The Scamp: On Debauchery, Decadence, and Halloween
Monday, November 8, 2010
Every year a group of aging hippies throw a massive Halloween party in the secluded hill town of Montague, Massachusetts. The owner of the mansion on said estate offers, among other things, a potluck, a concert, a tree swing, a bon fire and a drum circle. This year, one of the more compelling elements was the candle-lined pathways that led to secluded areas where I found people either smoking kush or having sex.
As I watched an elderly couple scurry out of the woods half clothed I was perplexed and mildly unnerved: I thought these kinds of pagan ritual were only something about which we academics read. I looked on in disbelief at the abundance of people on acid passing joints left and right, the food and drink abounding, and the nymphs hanging from tree vines asking me if I wanted to "come play." At one o'clock in the morning however, party was cut short-as most good things are-by the police.
Why? Someone invited the kids.
They showed up around midnight with beer and brawn. As they poured in through the front gates I could almost smell the text messages heralding the "totally awesome party" spreading through electronic space like a diarrhea in a daycare. These kids did not arrive in costume. They heckled the crowd, partook of the potluck tables without contributing to it, and drank all the booze. As the sound of breaking bottles echoed ominously through the woods it became clear to me that what was once a good thing had been overrun by my own kind-snotty college students.
Normally I would be quick to support the debauchery of my fellow teenagers. They have a talent for underscoring the puritanical sensibilities of "old farts," which has essentially become a semantic stand-in for the more descriptive "bourgeoisie." I observed, that night, a mass of young people take advantage a group of aging hippies (granted: aging hippies with trust funds) and the safe space they had created for the consumption of drugs and alcohol.
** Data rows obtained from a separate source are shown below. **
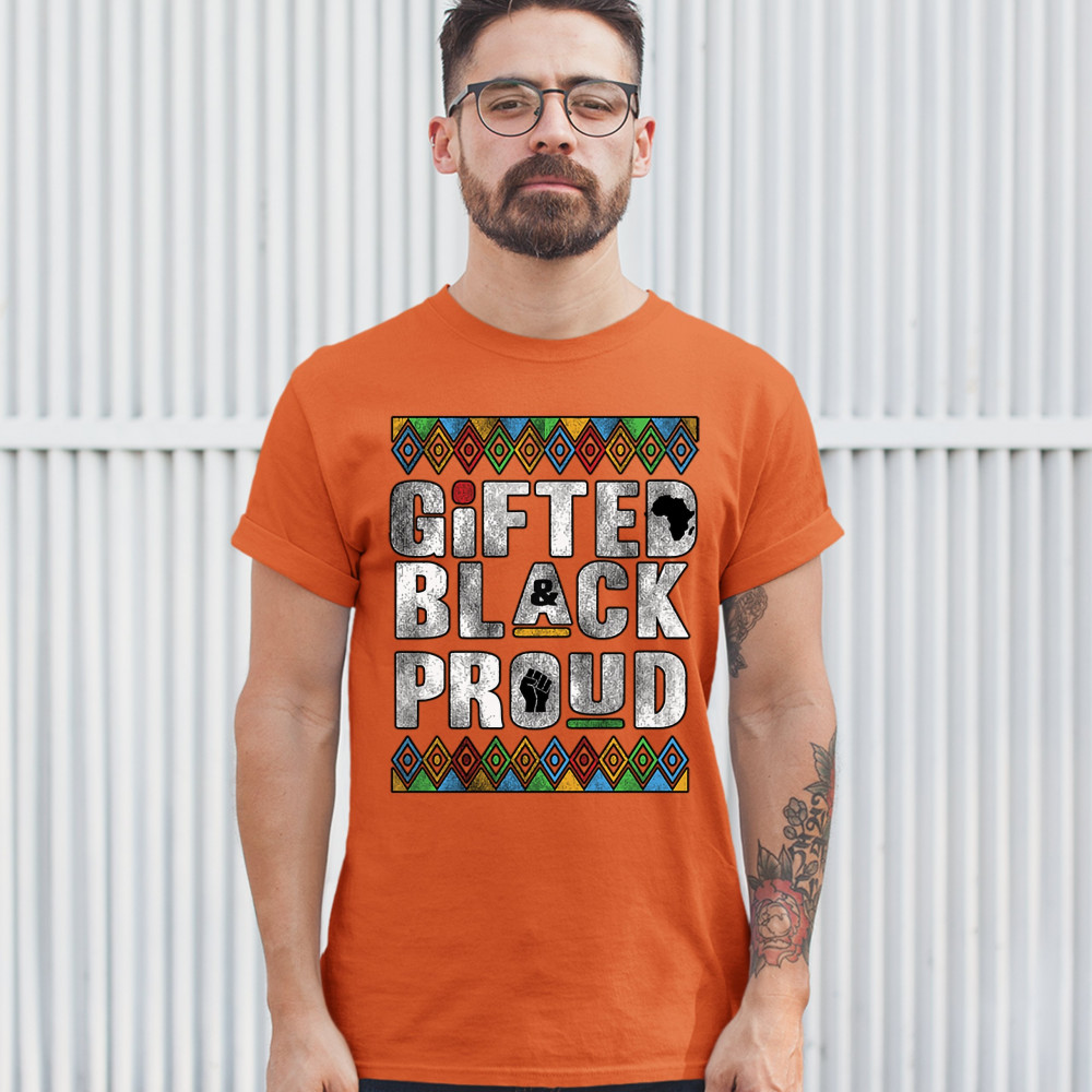 GIFTED BLACK & PROUD t-shirt african american black lives matter men's tee orange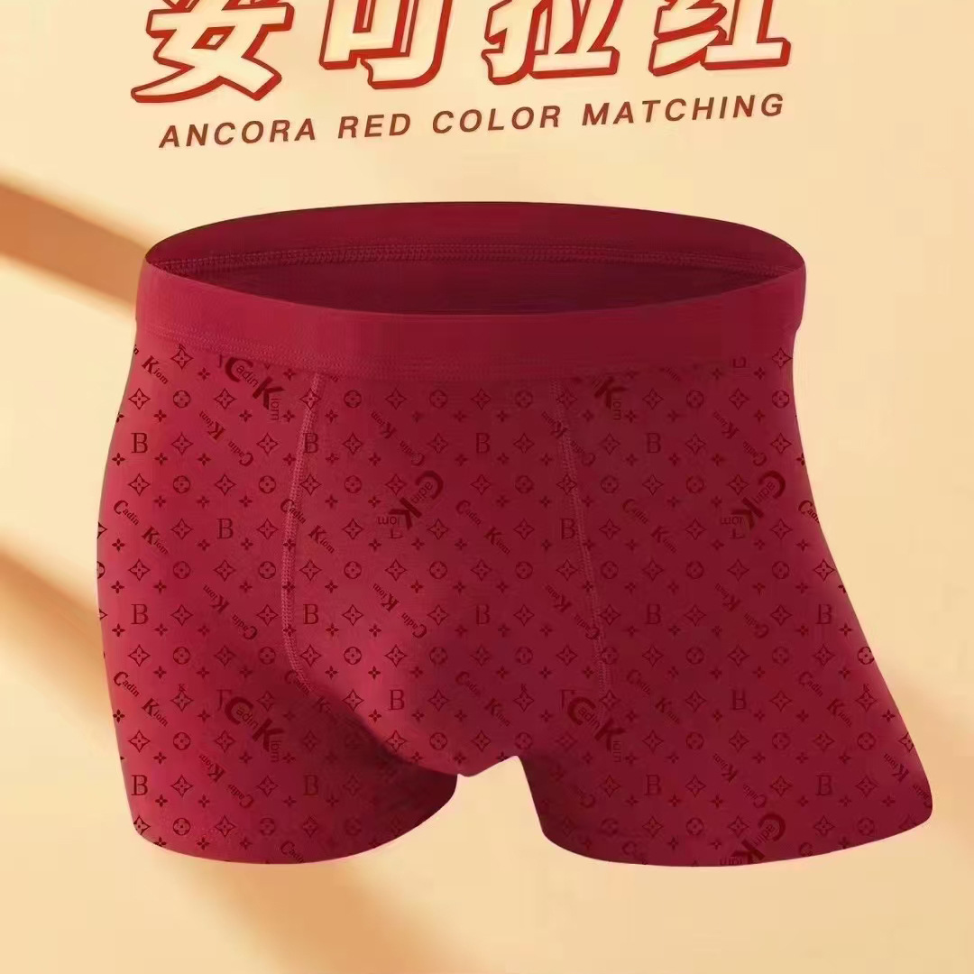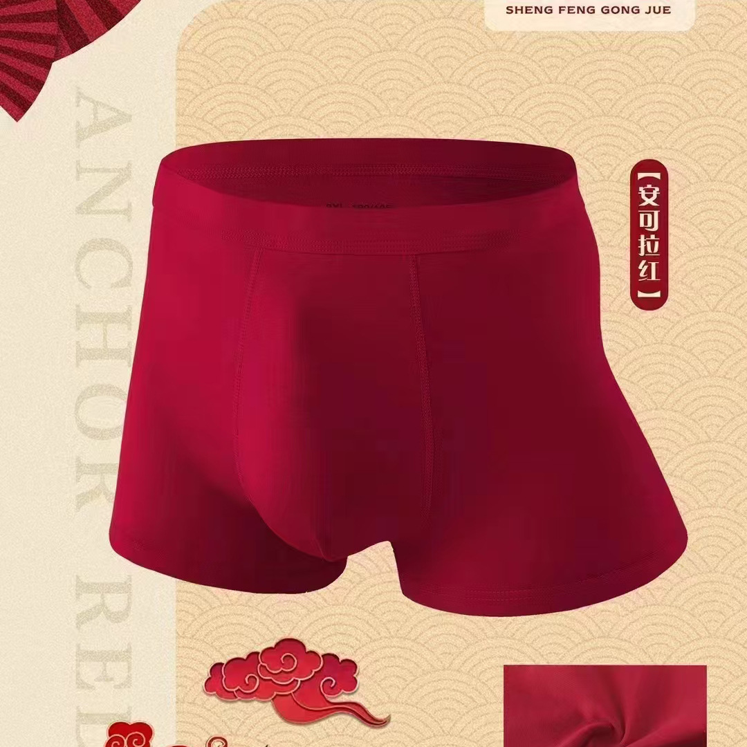 2025 Ankora Red Benmingnian Big Red Men's Pure Cotton Boxer Briefs Modal Boxer 버건디
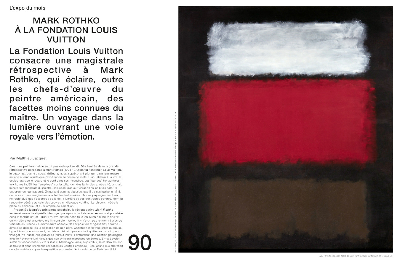 Grand rendez-vous de cet automne, la Fondation Louis Vuitton consacre une magistrale rétrospective à Mark Rothko, qui éclaire, outre les chefs-d’œuvre du peintre américain, des facettes moins connues du maître. Un voyage dans la lumière ouvrant une voie royale vers l’émotion.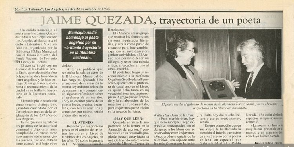 La Tribuna / Sociedad Periodística Bío-Bío. Los Angeles : La Sociedad, 1958- v., (22 oct. 1996), p. 26

Where was the disconnect? Should the hippies have Seen It Coming? Or do we hold the teenagers accountable for being %#$@-heads? And most importantly, is there a preferable mode of partying that we can cultivate at Macalester.
The short answer is, "NO."
The long answer is that there exists a conflation of debauchery with decadence that leads Macalester students astray. We overvalue the hyper-masculine mode of partying, the ones the cops can smell, and this reflects our shallow understanding of ritual. In the case of Montague, it almost felt as though a bunch of hammered jocks had crashed an X fueled love-fest, an experience the more seasoned partiers of Macalester can surly attest to.
But what exactly is the difference between debauchery and decadence? In the first place, both are connected, it seems, to nature. Pagan decadence has been a symbol of the "organic society" as far back as you want to trace it. Theorists such as Baron de Montesquieu and Edward Gibbon would argue that the organic metaphor of decadence became best articulated in ancient Rome.
Smooshing culture and nature together, however, causes major problems. When we apply "the natural" to the specifically "cultural" we get stupid teenagers: I am an animal and so I must drink and party hard enough to behave like one. After Oscar Wilde, a cultural "performer" of sorts, it became clear that decadence was the application of social customs to human necessity. Decadence is, in short, the recognition of that necessity within a universe that might smite us at any moment.
Debauchery is tragic: the drunk-kid breaking a window is essentially the fallen king, shaking his fists at the sky, realizing that he never had any control over his fate from day one. Decadence is comedic: a reconciliation with uncertainty through being fabulous(!).
Decadence, for our purposes here at Macaleser, is a far more complex understanding of "partying." While debauchery is masturbatory, decadence has a purpose in society. Nobody cares about your emotional problems, but everyone loves it when you look spiffy.
When we party at Macalester we shouldn't do it to blow off steam all over someone else's property. We party to cultivate that steam, to rejuvenate the happiness the academy vampirically sucks away. Debauchery only requires that we are sour and lonely and stupid and bitter; anyone can walk into a random party and break things, but it is the genius who uses finesse.
In closing, I'd like to point out the obvious critique that decadence is aristocratic and therefore evil. Again, what a shallow understanding of decadence, for how many wealthy, paternalistic students do you know who take it upon themselves to vandalize property? That's the true aristocratic entitlement. Decadence is just a synthetic fur coat and a box of Franzia.